PROBLEM DETAILS: Write out the data below exactly as given, without any of its pictures.

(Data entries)

━━━━━━━━

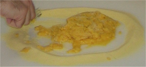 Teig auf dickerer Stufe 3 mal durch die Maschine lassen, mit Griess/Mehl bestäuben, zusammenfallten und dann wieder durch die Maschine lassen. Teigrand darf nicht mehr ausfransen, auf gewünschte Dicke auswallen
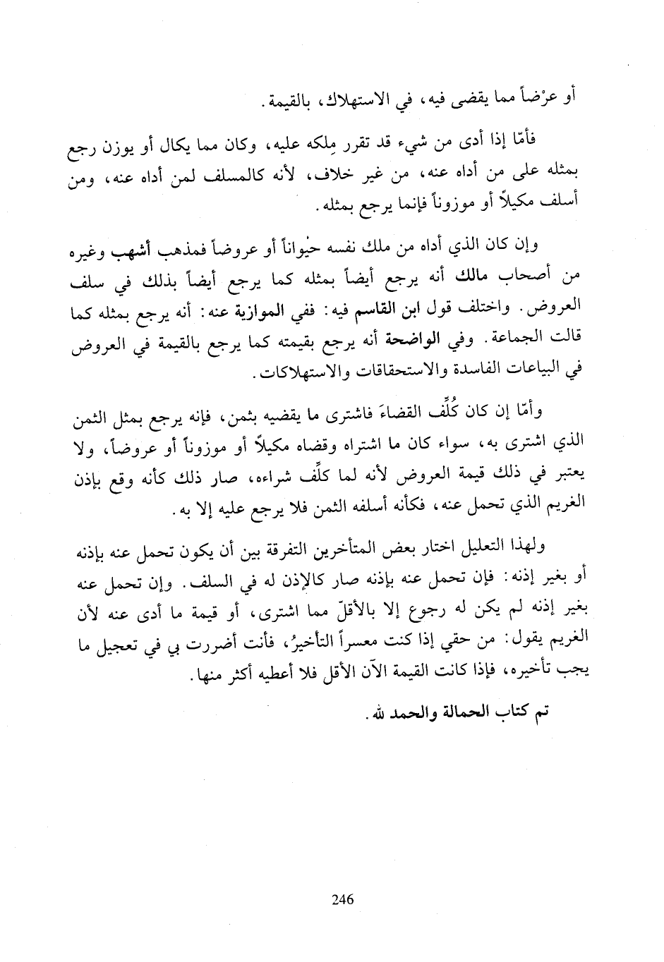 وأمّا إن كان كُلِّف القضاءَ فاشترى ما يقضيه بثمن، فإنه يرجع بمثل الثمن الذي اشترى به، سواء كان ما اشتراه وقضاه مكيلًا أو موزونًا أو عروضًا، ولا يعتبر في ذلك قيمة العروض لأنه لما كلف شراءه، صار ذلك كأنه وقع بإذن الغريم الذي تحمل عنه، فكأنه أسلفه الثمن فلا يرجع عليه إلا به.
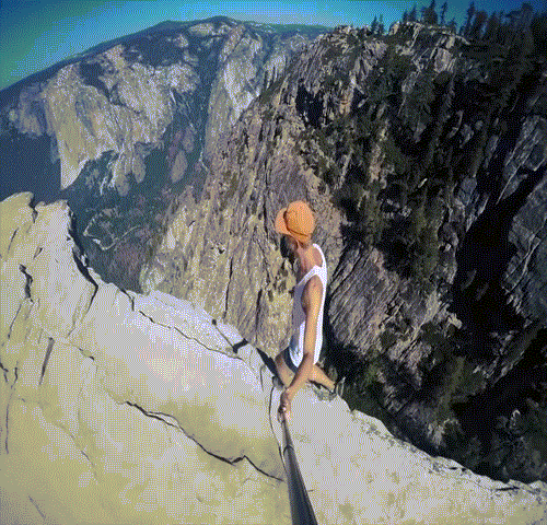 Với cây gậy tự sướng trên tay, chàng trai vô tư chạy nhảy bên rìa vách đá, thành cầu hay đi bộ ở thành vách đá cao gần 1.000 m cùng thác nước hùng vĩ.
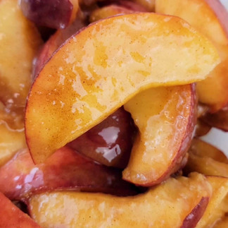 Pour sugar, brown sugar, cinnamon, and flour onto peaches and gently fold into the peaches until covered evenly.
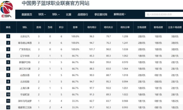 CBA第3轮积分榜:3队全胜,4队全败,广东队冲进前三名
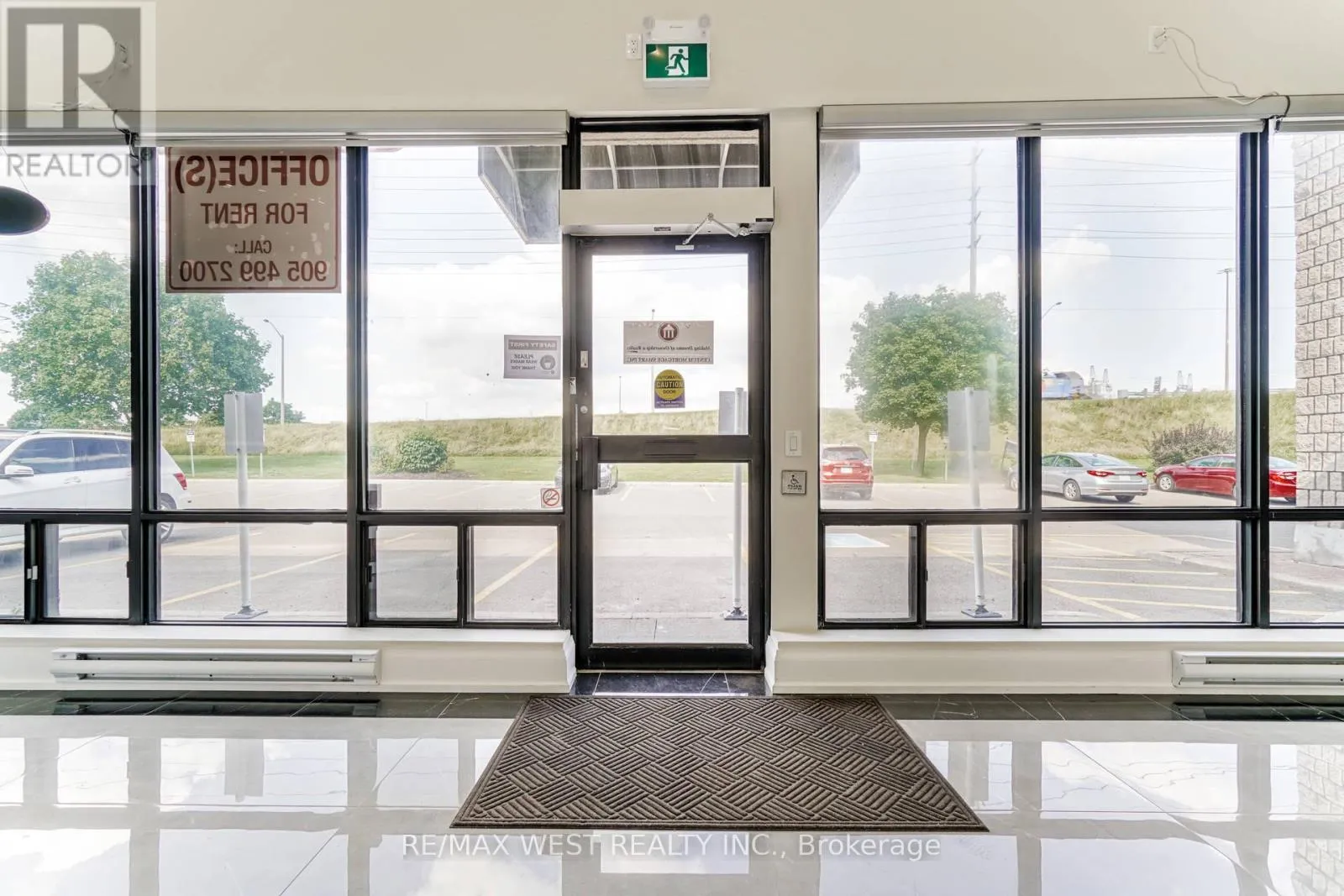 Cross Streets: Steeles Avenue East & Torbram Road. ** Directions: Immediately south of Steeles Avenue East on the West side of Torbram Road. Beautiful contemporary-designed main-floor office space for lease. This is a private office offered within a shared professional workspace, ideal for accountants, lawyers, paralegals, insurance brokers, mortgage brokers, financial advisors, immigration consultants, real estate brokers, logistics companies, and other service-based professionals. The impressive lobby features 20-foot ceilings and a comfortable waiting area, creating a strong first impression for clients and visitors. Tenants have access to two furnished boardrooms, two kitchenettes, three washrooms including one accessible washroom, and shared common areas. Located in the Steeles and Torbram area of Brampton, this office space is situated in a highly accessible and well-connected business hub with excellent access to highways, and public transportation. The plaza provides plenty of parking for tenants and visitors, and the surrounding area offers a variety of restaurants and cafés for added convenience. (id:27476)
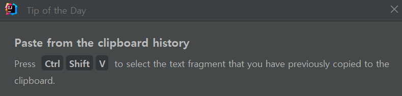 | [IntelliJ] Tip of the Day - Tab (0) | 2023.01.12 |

━━━━━━━━

RESPONSE AREA:
 Teig auf dickerer Stufe 3 mal durch die Maschine lassen, mit Griess/Mehl bestäuben, zusammenfallten und dann wieder durch die Maschine lassen. Teigrand darf nicht mehr ausfransen, auf gewünschte Dicke auswallen
 وأمّا إن كان كُلِّف القضاءَ فاشترى ما يقضيه بثمن، فإنه يرجع بمثل الثمن الذي اشترى به، سواء كان ما اشتراه وقضاه مكيلًا أو موزونًا أو عروضًا، ولا يعتبر في ذلك قيمة العروض لأنه لما كلف شراءه، صار ذلك كأنه وقع بإذن الغريم الذي تحمل عنه، فكأنه أسلفه الثمن فلا يرجع عليه إلا به.
 Với cây gậy tự sướng trên tay, chàng trai vô tư chạy nhảy bên rìa vách đá, thành cầu hay đi bộ ở thành vách đá cao gần 1.000 m cùng thác nước hùng vĩ.
 Pour sugar, brown sugar, cinnamon, and flour onto peaches and gently fold into the peaches until covered evenly.
 CBA第3轮积分榜:3队全胜,4队全败,广东队冲进前三名
 Cross Streets: Steeles Avenue East & Torbram Road. ** Directions: Immediately south of Steeles Avenue East on the West side of Torbram Road. Beautiful contemporary-designed main-floor office space for lease. This is a private office offered within a shared professional workspace, ideal for accountants, lawyers, paralegals, insurance brokers, mortgage brokers, financial advisors, immigration consultants, real estate brokers, logistics companies, and other service-based professionals. The impressive lobby features 20-foot ceilings and a comfortable waiting area, creating a strong first impression for clients and visitors. Tenants have access to two furnished boardrooms, two kitchenettes, three washrooms including one accessible washroom, and shared common areas. Located in the Steeles and Torbram area of Brampton, this office space is situated in a highly accessible and well-connected business hub with excellent access to highways, and public transportation. The plaza provides plenty of parking for tenants and visitors, and the surrounding area offers a variety of restaurants and cafés for added convenience. (id:27476)
 | [IntelliJ] Tip of the Day - Tab (0) | 2023.01.12 |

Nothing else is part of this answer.